Information Extraction with DONUT

We live in world of big data. The plethora of data gets generated from person’s day-to-day worriedness i.e. banking, social media, insurance, etc. Most of the time this data gets stored in an unstructured way. To perform data wringer on such data is quite a challenging task. We are going to discuss a state-of-the-art technique to solve such challenging problems.

Extracting data from unstructured documents is unchangingly a challenge. Previously we used to have rule-based approaches to tackle such problems. However, due to the nature of the rule-based mechanism, external knowledge source, and manpower is required. To solve such issues, NLP is unchangingly a go-to solution for everyone.

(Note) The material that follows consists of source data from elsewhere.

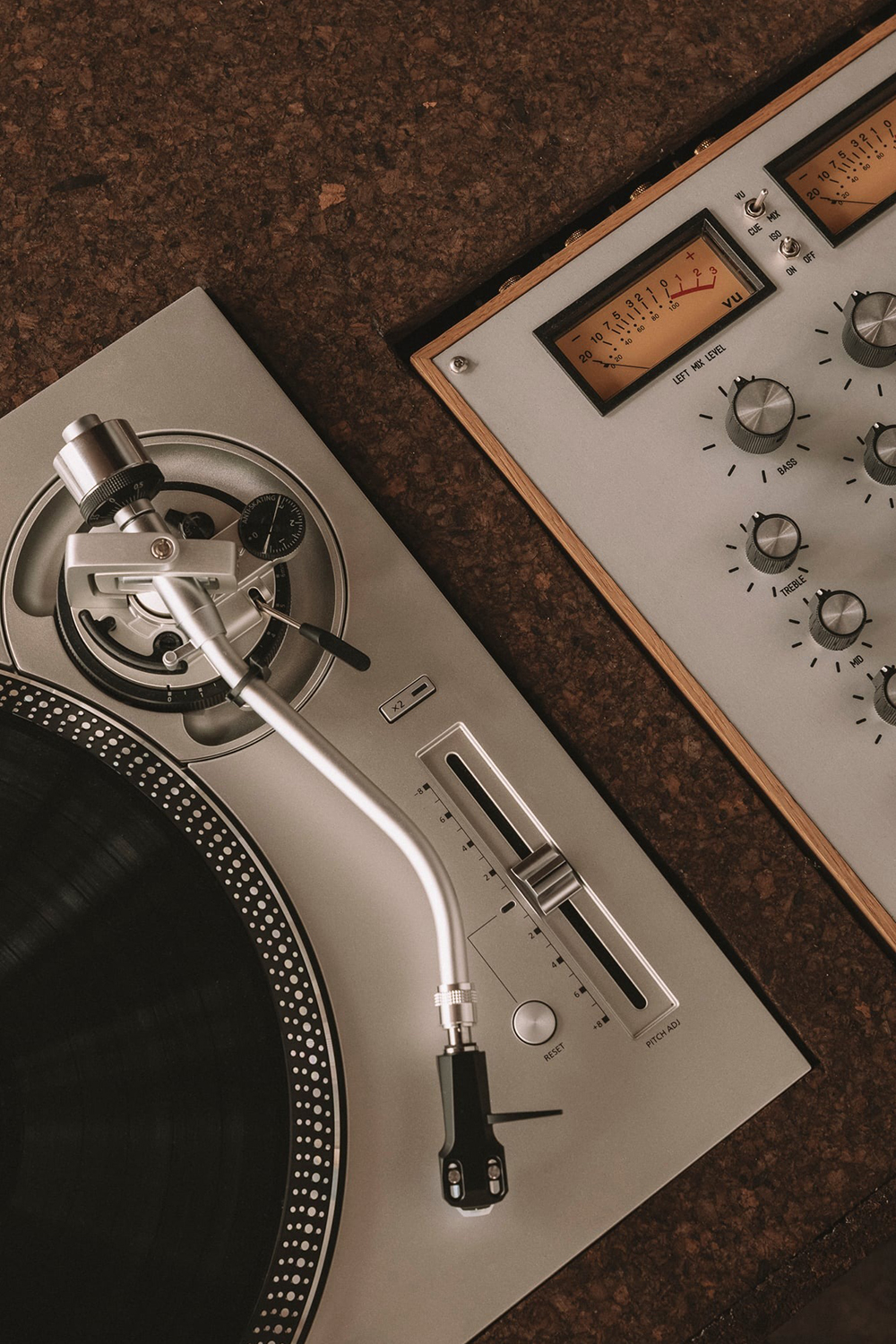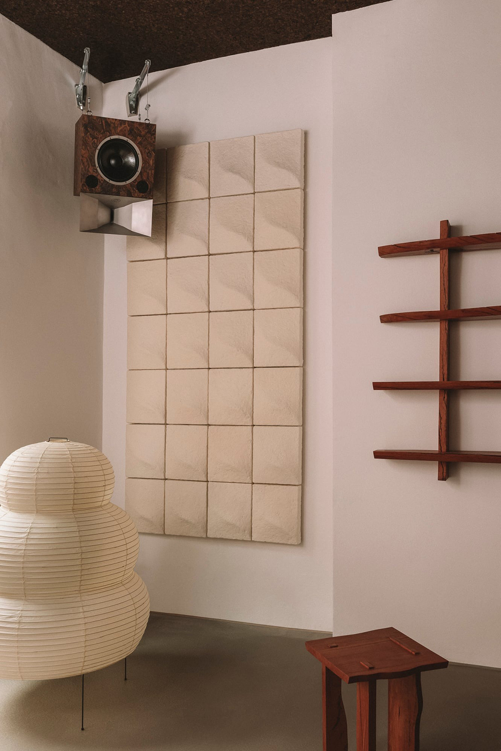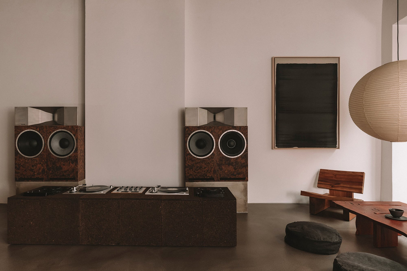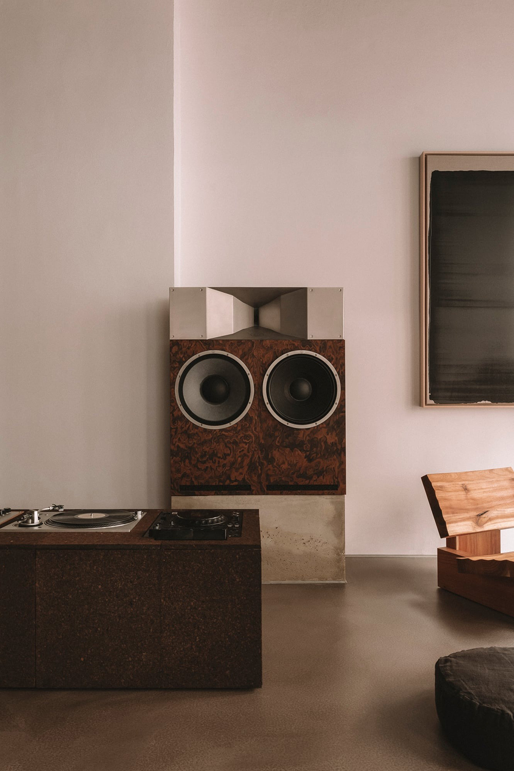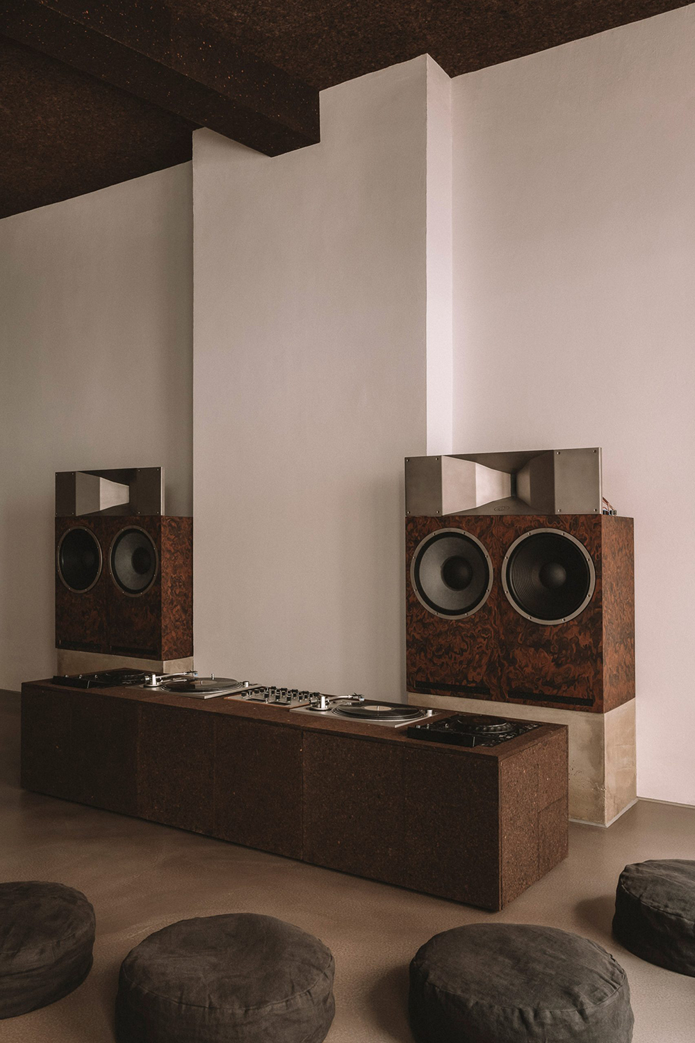 材料選擇上,低碳且具備良好吸音效果的軟木成為關鍵元素。燒製深色的軟木包覆著 DJ 台與天花板,協助調節空間聲學,同時帶來溫潤而內斂的視覺感受。DJ 台後方,與柏林音響團隊 H.A.N.D. HiFi 共同開發的客製化系統,則讓巨型喇叭如同建築構件般融入空間,巧妙地成為一道迷人的室內風景。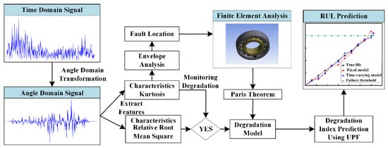 To solve the above problems, this paper proposes a RUL prediction method dealing with rolling bearings under variable rotational speed, based on angular domain transformation and time-varying degradation model parameters. Firstly, the angle domain transform is used to process the original time domain signal and extract the real-time degradation features of bearings. Secondly, a finite element method (FEM)-based time-varying parameter degradation model consistent with the bearing performance degradation state is established. The unscented particle filter algorithm (UPF) is used to estimate the bearing degradation state for predicting its RUL. This method not only alleviates the limitations of RUL prediction methods based on data-driven and physical models, but also predicts the future degradation trend of bearings more accurately.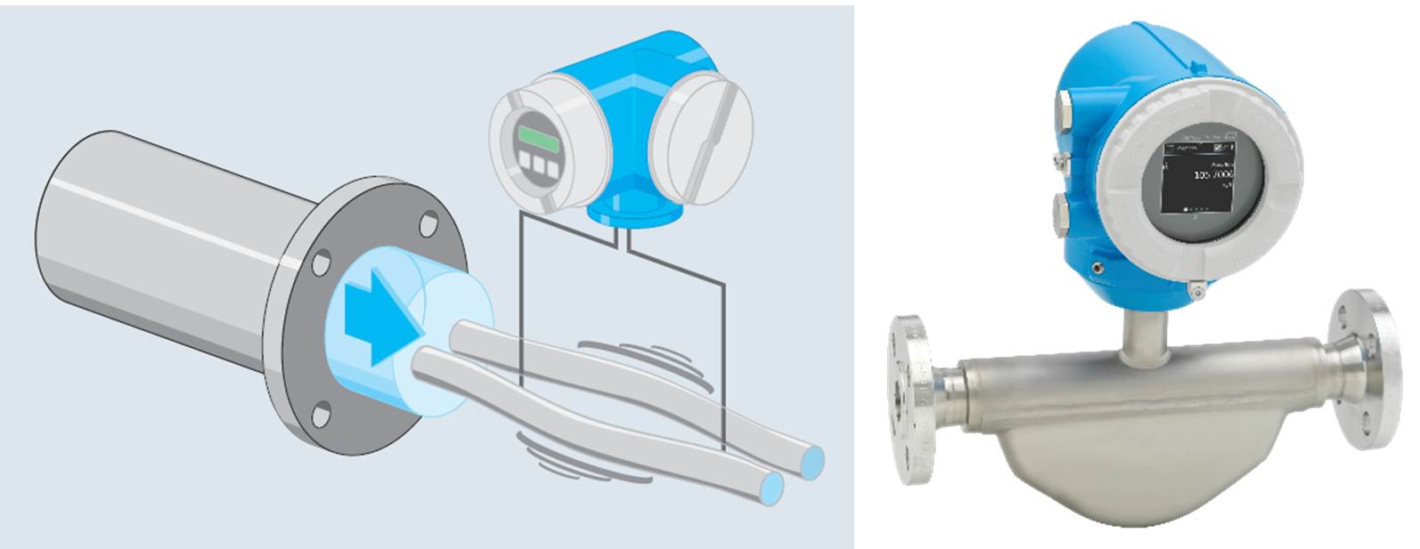 Estás diferencias pueden relacionarse directamente con una medida directa de caudal másico. Además, estos equipos son capaces de medir la densidad del fluido a partir de la frecuencia de oscilación de los tubos de medición.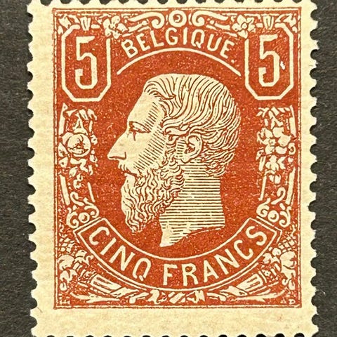 Belgien, 1918, postfrisk frimærke med titlen Uitgifte "Albert I opdruk Rode Kruis" - 20c+20c Lilla-brun med mørk aftryk, katalog OBP/COB 155-Cu, Tema: Kongelighed. Klik på den blå "gå til varen" knap, for at købe eller byde på denne vare. Den samlede pris vil blive vist inden du afgiver dit bud.
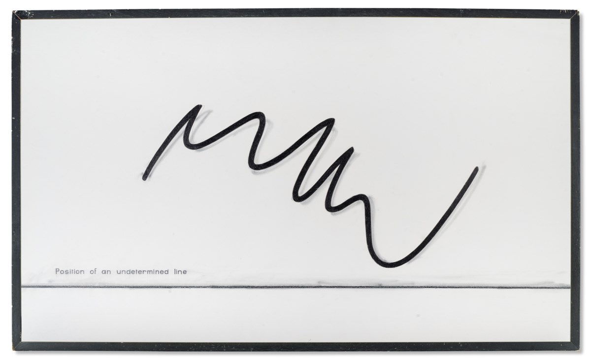 A bold, arcing line of graphite sweeps across the composition with raw, gestural energy, its trajectory neither fixed nor predictable. Fragments of cardboard are collaged onto the paper, adding a tactile, dimensional quality that disrupts the flatness of the surface. Venet's work engages with mathematical and philosophical concepts, questioning the nature of definition and certainty through the ambiguity of a line that resists precise classification.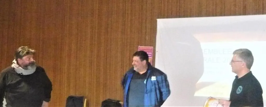 Le président Denis Fallempin, de la FAM accueilli par Tierry Colas président et Alain Picard le chef de la Péquila a Banda.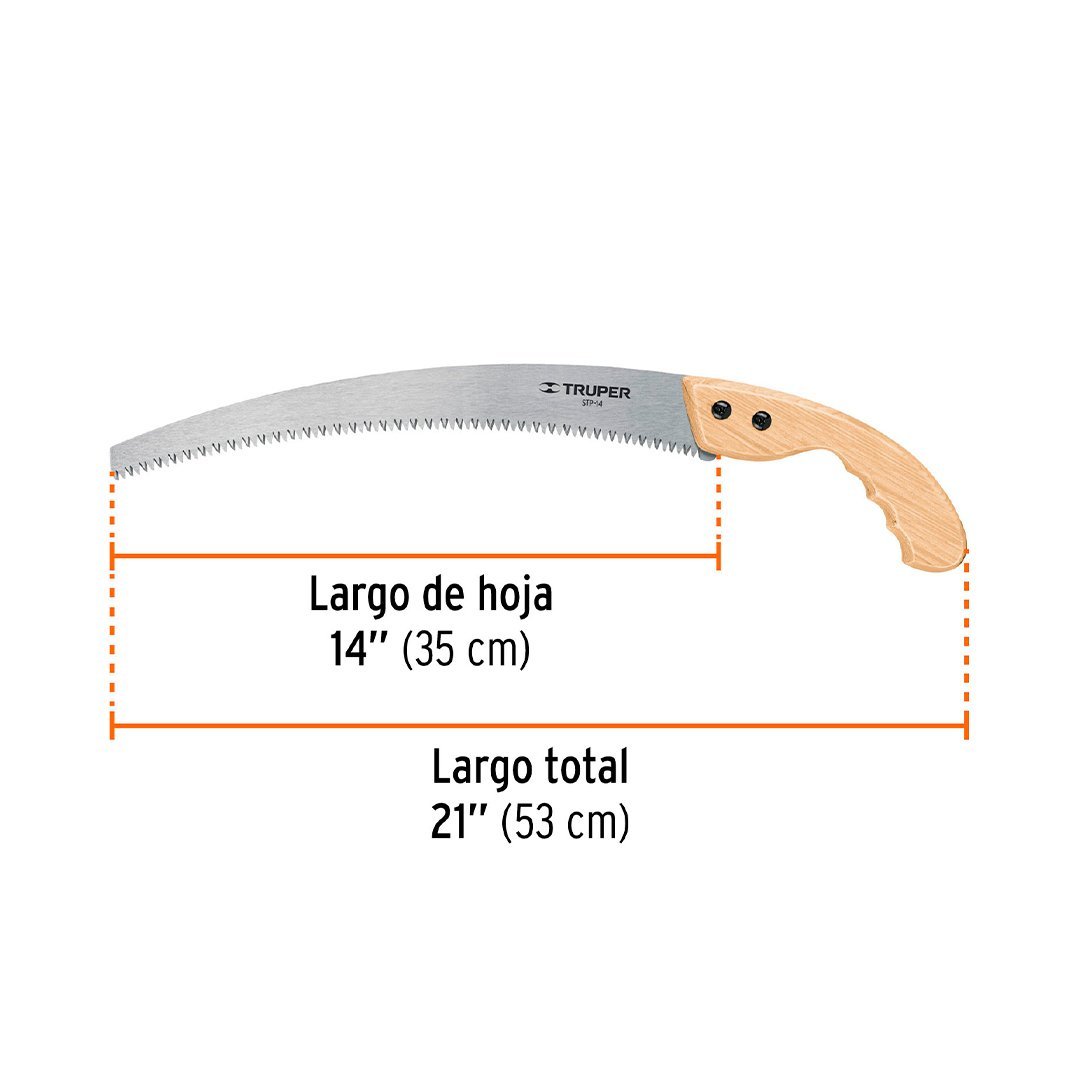 Serrucho de poda hoja curva 14″ mango de madera TRUPER

Deep learning has revolutionized the NLP field and to add to it hugging squatter has unchangingly delivered state-of-the-art solutions for multiple problems in NLP. We’re going to discuss one of the SOTA called DONUT.

The DONUT model is proposed in the OCR-free Document Understanding Transformer(DONUT) category by Geewook Kim, Teakgyu Hong, Moonbin Yim, Jeongyeon Nam, Jinyoung Park, Jinyeong Yim, Wonseok Hwang, Sangdoo Yun, Dongyoon Han, Seunghyun Park. Donut includes an image Transformer encoder and an autoregressive text Transformer decoder to understand the document. It is widely used for Image classification, form understanding, and visual question answering.
Photo by Dave Hoefler on Unsplash

DONUT proposes to solve the pursuit problems.

  • CORD (form understanding)
  • DocVQA (visual question answering on documents)
  • RVL-DIP (document image classification)

In this blog, we will talk well-nigh visual question answering on documents.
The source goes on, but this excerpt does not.